Edward Thomas’ Adlestrop one hundred years on: rural England before the First World War.

One hundred years ago today, 24th June, 1914, a train stopped for a few minutes at a small country station in the Gloucestershire village of Adlestrop. Sitting in one of the carriages was the poet Edward Thomas (1878 – 1917). The window was open and the sounds of an English summer’s day played uninterrupted for a few moments before the train moved on.

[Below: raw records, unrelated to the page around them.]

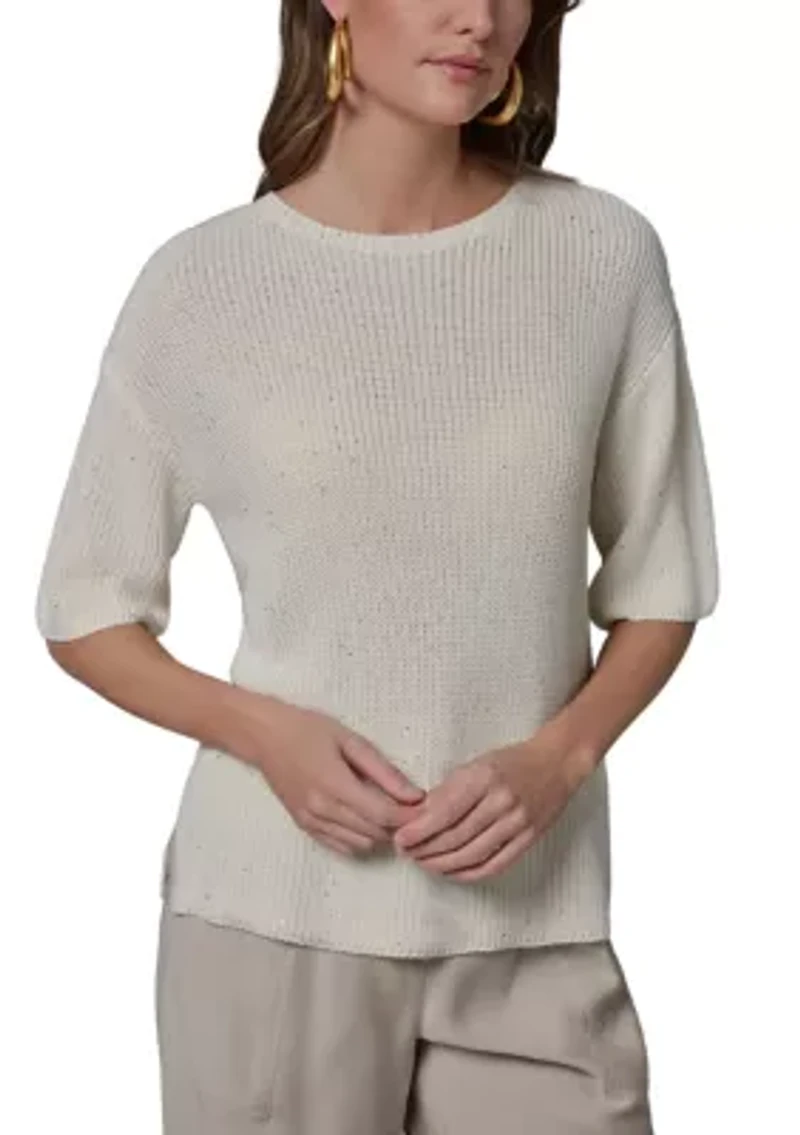 This Donna Karan New York sweater is perfect for any occasion, with relaxed drop-shoulder sleeves for a chic look all day long. Pullover Crew neck Short drop shoulder sleeves Imported Product Specifications 22" L Material & Care Viscose, rayon, nylon Machine washable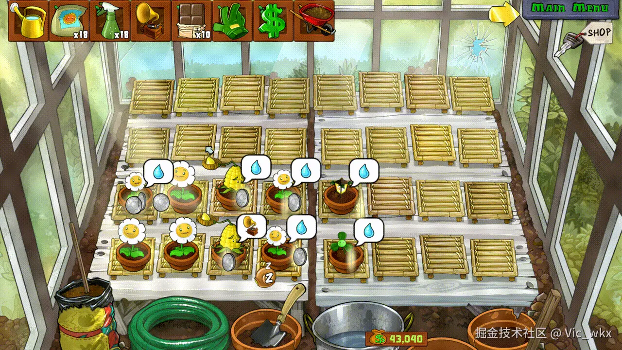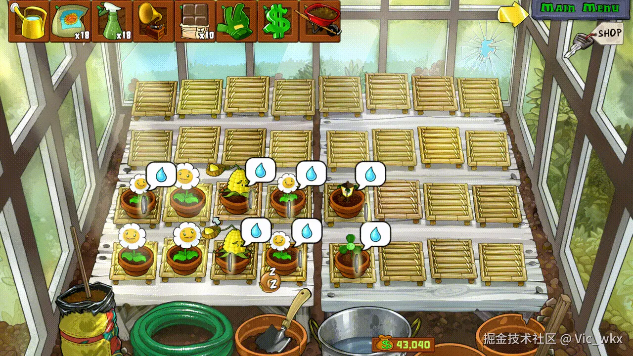 于是我给花洒设置了一个 W 的快捷键(Water a plant!),点一下键盘上的 W,鼠标就能自动移到花洒的位置,执行一次点击,然后再回到原位,这样浇起水来就相当丝滑了: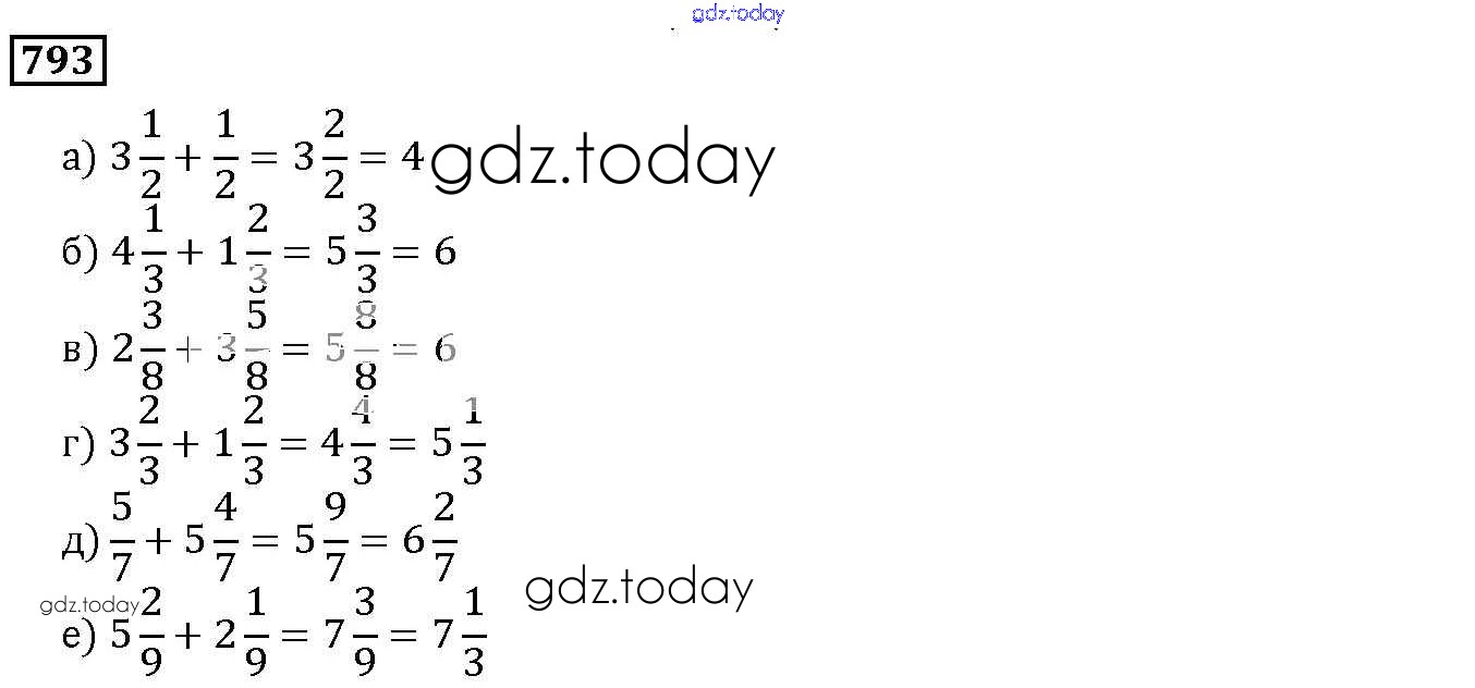 На страницах сайта gdz.today вы найдете учебный и вспомогательный материал, направленный на улучшения знаний школьной программы. ГДЗ - онлайн мир знаний 9.3. Сложение и вычитание смешанных дробей Глава 9. Действия с дробями 793 Учебнику по Математике для 5 класса Дорофеев, Шарыгин Просвещение 2015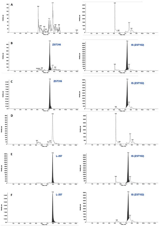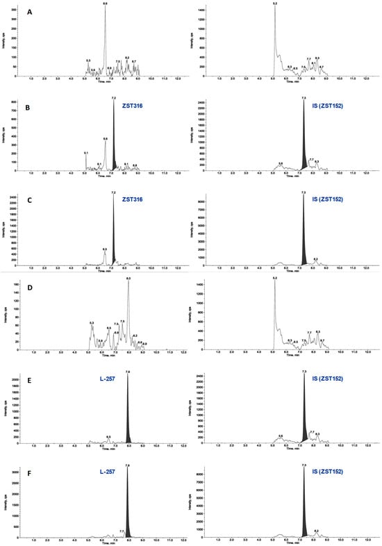 Representative chromatograms of a blank plasma sample (panel (A) for ZST316 and (D) for L-257), LOQ of ZST316 with IS (panel (B)), an unknown study plasma sample analysed for ZST316 (panel (C)), LOQ of L-257 with IS (panel (E)), and an unknown study plasma sample analysed for L-257 (panel (F)). The measured concentration corresponded to 2200 ng/mL and 1710 ng/mL for ZST316 and L-257, respectively.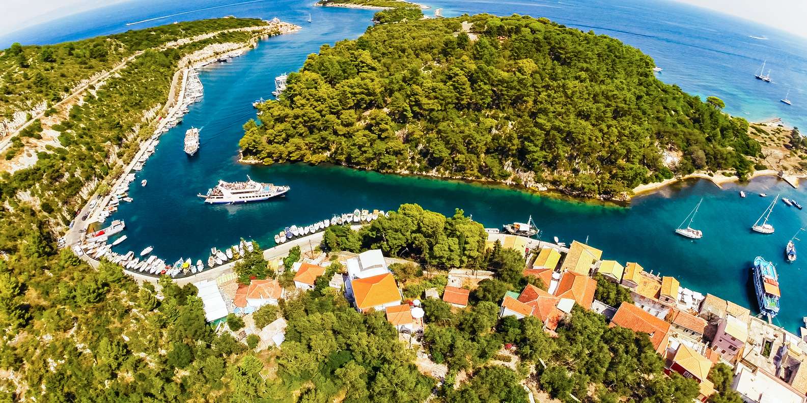 Auf der kleinen Insel Antipaxos hast du die Möglichkeit, am Mesovrika Beach oder am Voutoumi Beach zu schwimmen. Die Fahrt geht weiter durch den engen Kanal von Paxos und zu den Inseln Panagia und Agios Nikolaos. Der Kapitän legt im Hafen des Dorfes Gaios an und du hast Zeit, die Stadt zu erkunden.
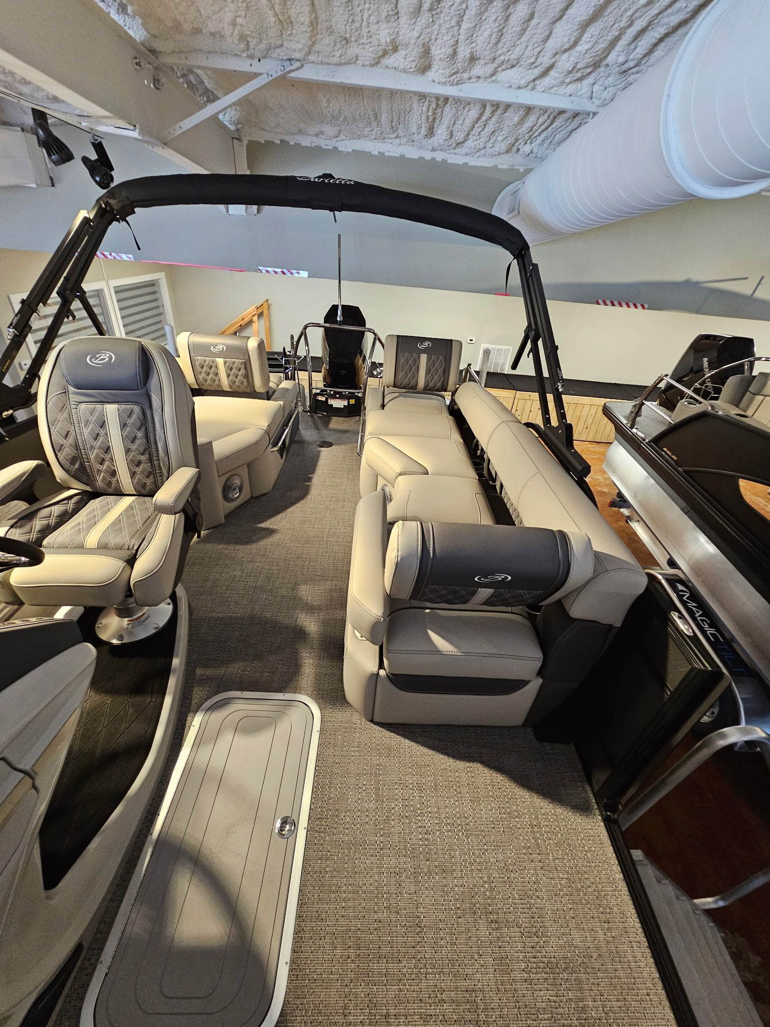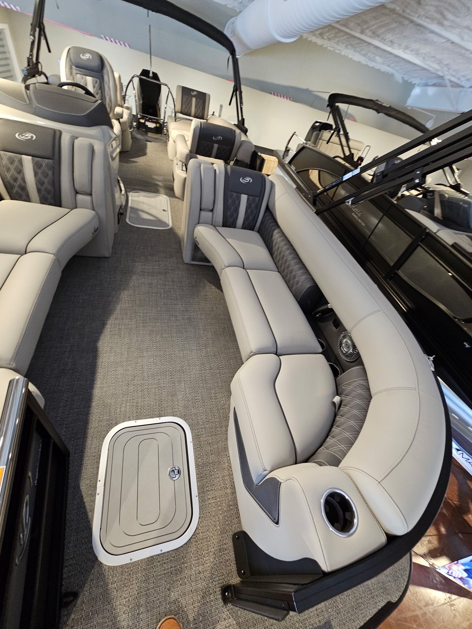 The 2025 Barletta Lusso L25M shines in a variety of scenarios, making it an ideal choice for families, entertainers, and boating enthusiasts alike. Picture yourself hosting a lively gathering with friends, the spacious deck providing ample room for laughter and conversation as you cruise along the shoreline. For families, the comfortable seating and generous space make it easy to enjoy picnics, swimming, and water sports together.This pontoon is also perfect for those seeking a peaceful escape. Imagine anchoring in a quiet cove, the double bimini providing cool shade as you relax with a good book or take in the sunset. The Lusso L25M’s blend of power and luxury makes it equally suited for adventurous outings or tranquil retreats, adapting effortlessly to your boating lifestyle.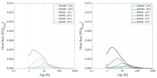 Heat flow of AAS compositions with S/B = 0.5 (left) and S/B = 0.8 (right), comparing curing temperatures of 10 and 20 C.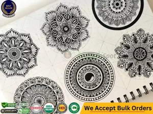 Each piece features intricate mandala and elephant motifs, combined with mandalas with flowers for a unique artistic expression. Our artists use specialized mandala art supplies and mandala art pens to create colorful mandala art that transforms your space.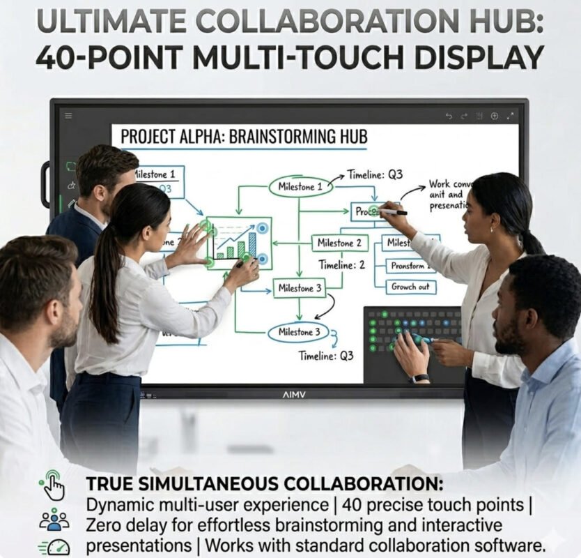 40-Point Ultra-Precision Touch: Smooth multi-user interaction, low latency, palm rejection, and natural pen-to-paper feel.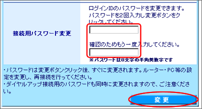 ご希望の新しいパスワード(8文字の半角英数字)を2回入力して、「変更」ボタンをクリックします。 |
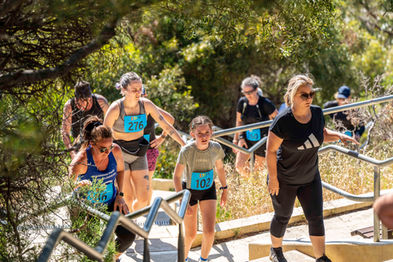 We invite you to run past the old homestead through the hilly trails and enjoy the views out to Rottnest and the surrounding Islands. You will then head back into the park climb 200 stairs back into the trails.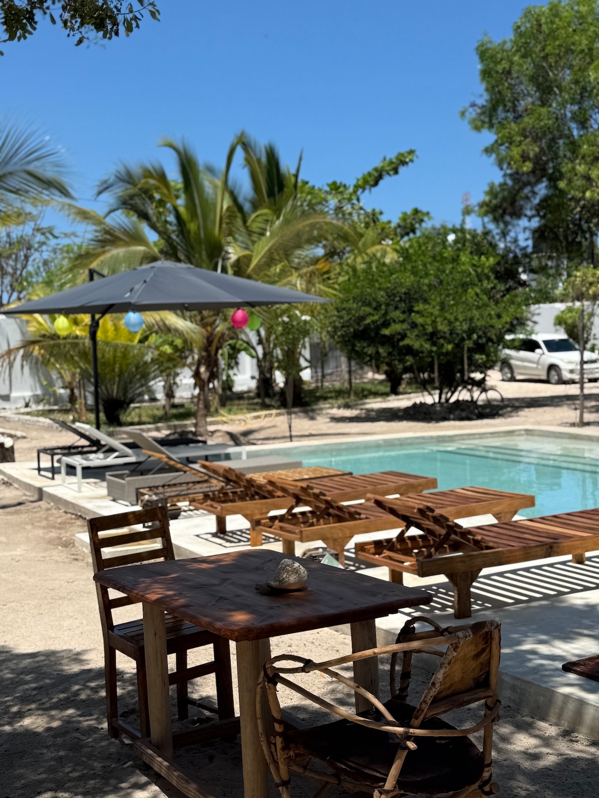 The suite is a part of 8 rooms boutique hotel in Nungwi. Nestled in a tropical paradise, our stylish accommodations are a perfect blend of comfort and charm. We invite you to slow down and experience Zanzibar ‘Hakuna Matata’ and ‘Pole pole’ life. Unwind by our beautiful swimming pool and enjoy our lush tropical garden. At our hotel, we treat everyone like family, ensuring that all guests enjoy their stay to the fullest. We're located 650m from the beach (~7 mins walk).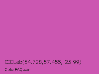 CIELab 54.728,57.455,-25.99 Color is a normal magenta color and the nearest color is Fuchsia Pink #c154c1. Hex code #cc56b1 and RGB value is rgb(204,86,177). In RGB color space, this color is composed of 80% red, 34% green, 69% blue, In CMYK color space, this color is composed of 0% cyan, 58% magenta, 13% yellow , 20% black , In HSL color space, this color has a hue angle of 314° , 54% saturation and 57% lightness.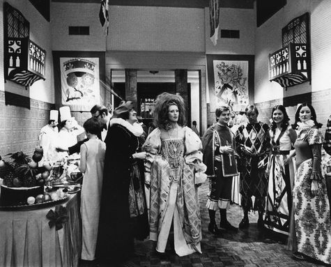 (left to right) Doug and Patty Campbell, Eric Graham, George Lee, Schatzie Lee, and Eleanor Graham at the 1974 Beaux Arts Ball, “An Elizabethan Evening.”

 Edward Thomas marked the moment with a poem, Adlestrop, and it has come to stand as a poignant and, maybe, unintended encapsulation of the England that would never be quite the same again only a couple  months later.

 

The very name Adlestrop conjures up the kind of English summer’s day that is often so tranquil and beautiful that it is almost painful. Now, of course, it will always be associated with Edward Thomas’ poem and with the loss of a particular but possibly mis-remembered England, after the beginning of the First World War which would also claim the life, in 1917, of Edward Thomas himself.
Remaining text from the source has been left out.